Parallel Implementation of Boosting Algorithms with MPI.

Project description

*******************************************************************************
PBOOST : Parallel Implementation of Boosting Algorithms with MPI

Mehmet Basbug
PhD Candidate
Princeton University

February 2013
*******************************************************************************

A.QUICK INSTALL
-------------------------------------------------------------------------------
First make sure that you have OpenMPI and HDF5 installed. Then run the following command to install pboost with all the dependencies:

pip install pboost

OR

easy_install pboost

This will also create a directory named 'pboost' in your home folder.

This should work fine for many users; however, you may be missing some required libraries. On Debian/Ubuntu run the following command first (add sudo if necessary)

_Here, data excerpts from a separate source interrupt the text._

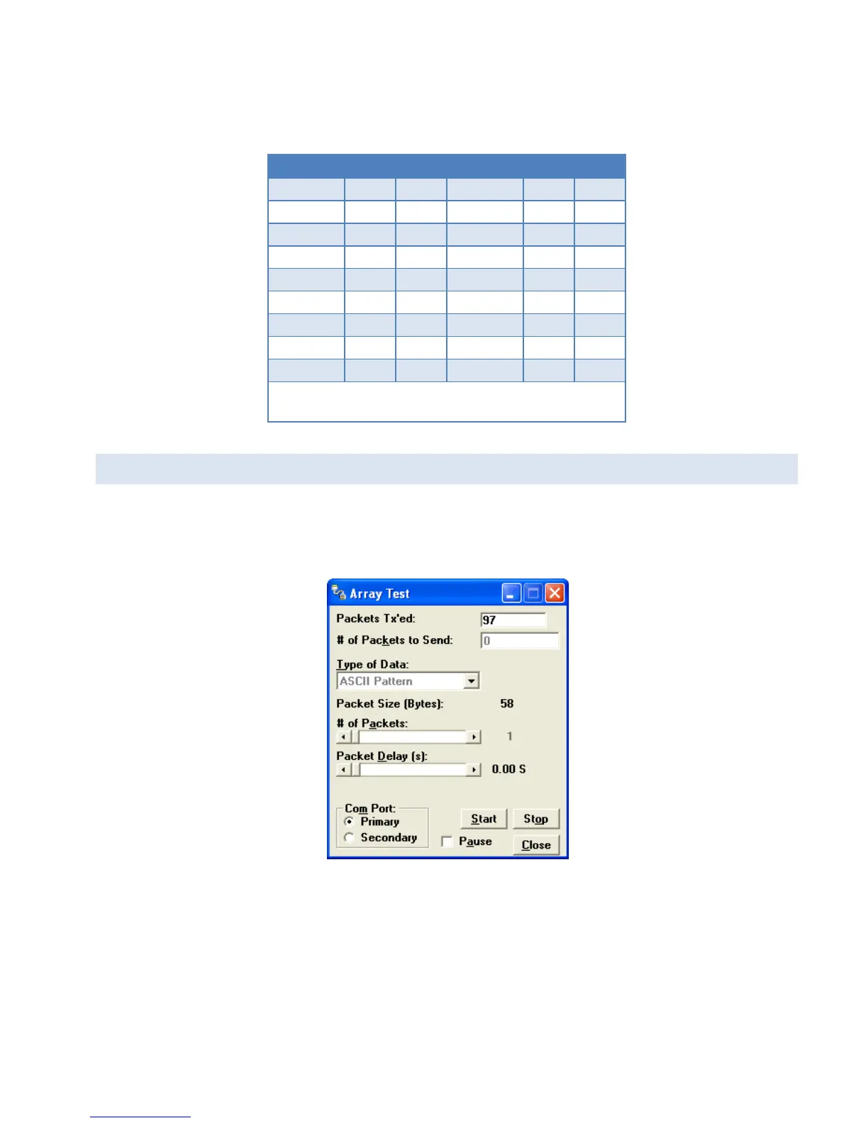 The Array Test window is accessed from the Utilities menu. The Array Test is used to send programmable length test
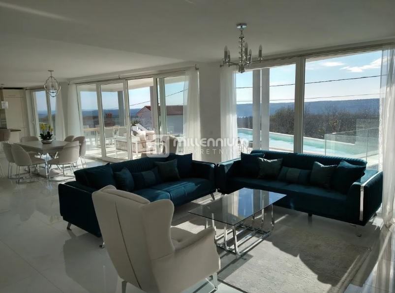 Prizemlje se odlikuje otvorenim konceptom koji povezuje dnevni boravak, blagovaonicu i kuhinju, stvarajući prostrano i svijetlo okruženje. Osim toga, na ovoj razini nalazi se toalet za goste i ostava, što povećava praktičnost i funkcionalnost prostora. Iz dnevnog boravka izlazi se na sunčalište i bazen, idealno za opuštanje i uživanje na svježem zraku.
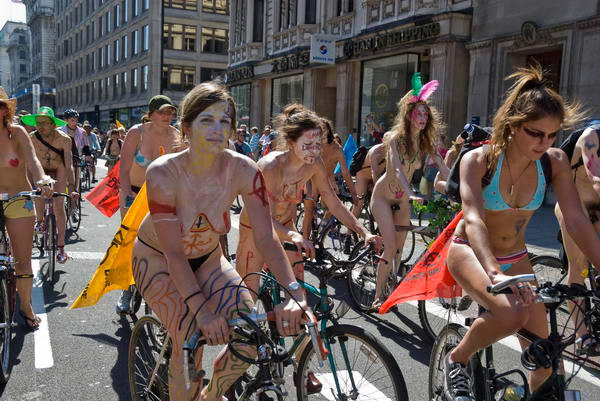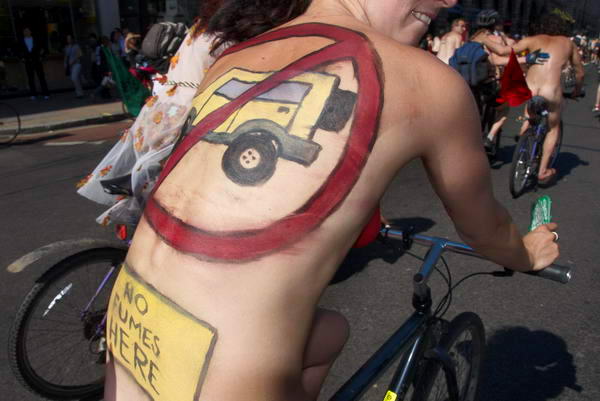 ![]() 'No Fumes Here'. World Naked Bike Ride, London, June 2006. |
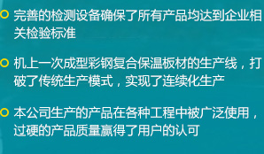 公司是一家瞄準國際、國內市場,集科、工、貿于一體的綜合性公司,擁有各類先進的設備100余臺(套),公司自主研發(fā)了新型保溫材料及彩鋼復合保溫板材連續(xù)生產工藝,建成了機上一次成型彩鋼復合保溫板材的生產線...

apt-get install build-essential python-dev python-setuptools python-pip python-numpy python-scipy python-matplotlib openmpi-bin openmpi-doc libopenmpi-dev libhdf5-serial-dev


B.RUNNING DEMO
-------------------------------------------------------------------------------
To run the demo, execute the following command

mpirun -np 2 python ~/pboost/run.py 0

You should see something similar to the following output

Info : Confusion matrix for combined validation error with zero threshold :
{'FP': 11, 'TN': 89, 'FN': 10, 'TP': 90}
Info : Confusion matrix for testing error with zero threshold :
{'FP': 11, 'TN': 89, 'FN': 12, 'TP': 88}
Info : Training Error of the final classifier : 0.0
Info : Validation Error of the final classifier : 0.105
Info : Testing Error of the final classifier : 0.115

A quick note, if you installed pboost with sudo privileges, you may need to change the ownership of pboost folder and the files in it. In linux, run the following command

sudo chown -R {YOUR_USERNAME} ~/pboost


C.CREATING YOUR CONFIGURATION FILE
-------------------------------------------------------------------------------
The recommended way is appending your new configurations to configurations.cfg file in pboost folder. Alternatively you can create an empty text file with the extension of cfg. A shorter explanation of options can be found in configurations.cfg file. For the detailed explanations see below:

# train_file = [HDF5 File]
# Raw file of examples and their attributes for training
# (Must be specified)
#
# test_file = [HDF5 File]
# Raw file of examples and their attributes for testing
# (Optional)

Data files (train_file and test_file) should be in HDF5 format with raw data dataset must be named 'data' and label must be named 'label'. Alternatively one can use the last column of 'data' dataset as the label.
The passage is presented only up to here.